Viewing the tourist offices‟ descriptions of their mission in the context of municipal management as a whole, the way the municipal management deals with the issue of climate change is a case of “multiple goals” (Hutter, 2005: 69). The municipal management selects the assignments for the single operations. On the assignment to derive organizational value from promoting the municipality and attracting visitors, the tourist offices do their best to reach that aim, regardless of other goals in the municipality. This leads to the paradox that the tourist offices carry out an operation that might contradict the endeavour of other operations, e.g., the work of the climate office to reduce greenhouse gas emissions, and manifests limitations for cross sectional engagement.

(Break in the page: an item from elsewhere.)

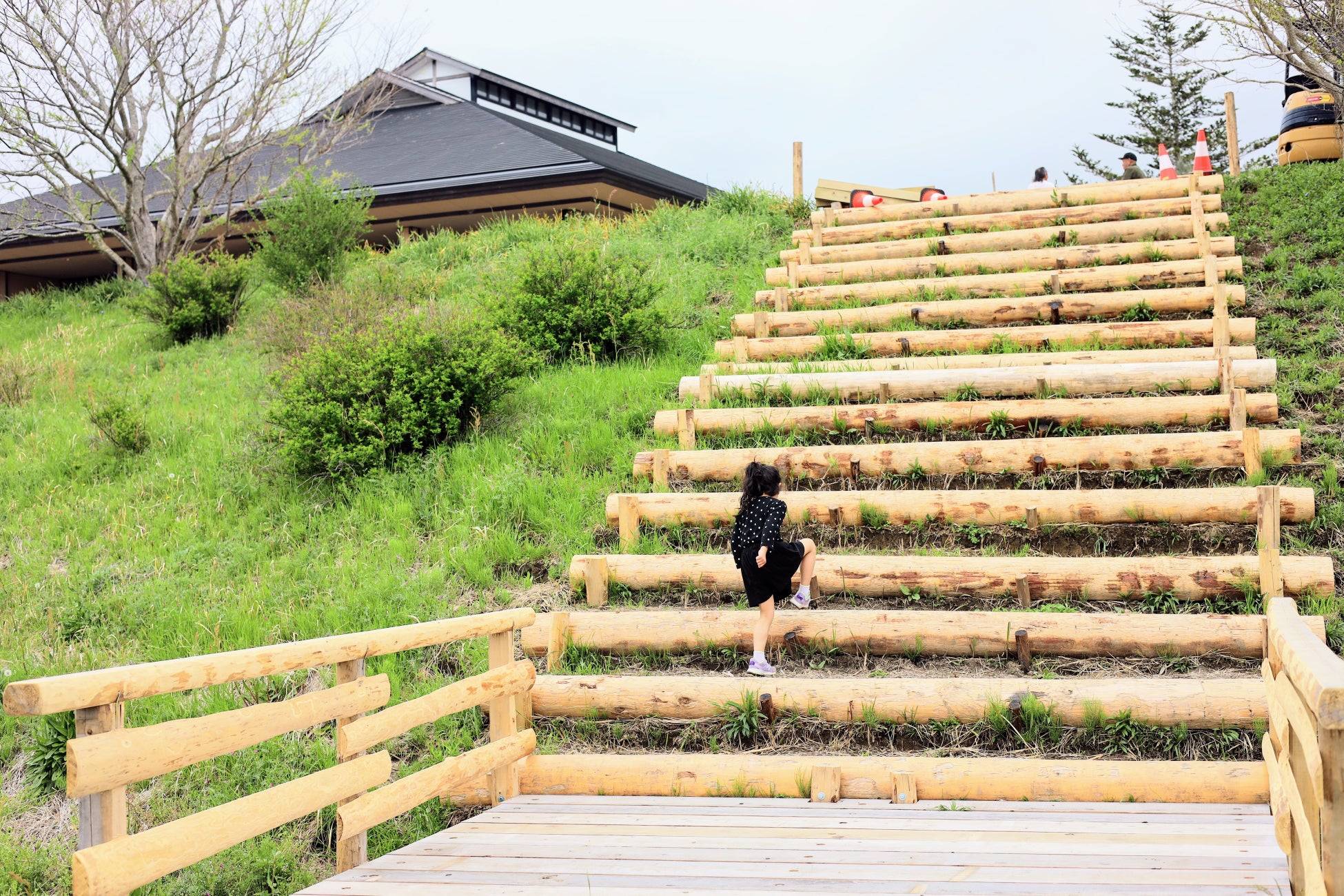 隣接するみんなみの里 第二駐車場から公園をつなぐ横幅4mの地元材の丸太階段は、上るのも下りるのも子供にとっては楽しいアクティビティに変わります。
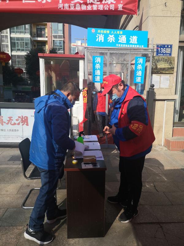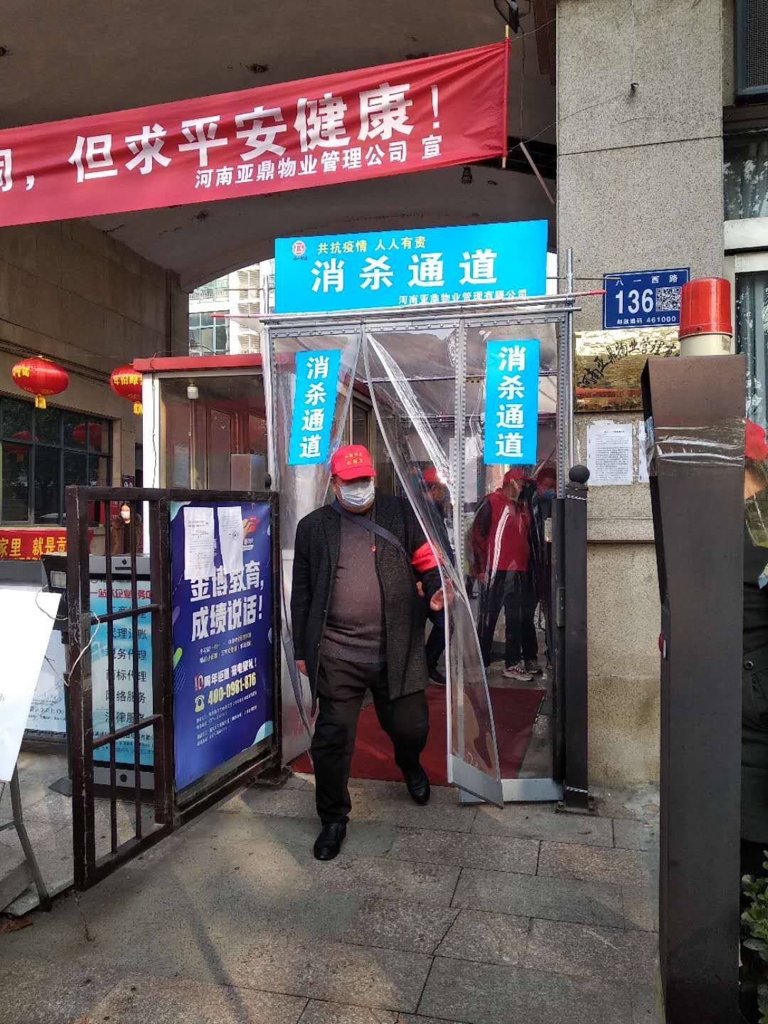在防控工作中,河南亚鼎物业发现,业主外出购买生活必需品至返回小区这个时间段有接触病毒的风险。为最大限度降低风险,他们想出在小区唯一的出入口搭建消杀通道,业主出入除了测量体温外,还要接受消毒。

In conclusion the municipal management seems not to include the tourist offices in any form of climate change risk governance (Van Asselt & Renn, 2011). The tourist offices are not given an explicit assignment to deal with climate change. Hence, as the example shows non-inclusion is not always a matter of “silencing” players (Lidskog et al., 2010: 26), it can also be matter of letting players continue with business as usual.

As the municipal management appears not to encourage all operations in the municipal administration to collaborate on climate change risk governance, a joint understanding of climate change risk governance is not developed in the rows of the municipal administration (Boholm et al., forthcoming). Consequently, the operations of the tourist offices remain in their specific work sphere, unexposed to influences that might cast a spotlight of meaning on climate change (Wenger, 1998; 2003; Boholm et al., forthcoming).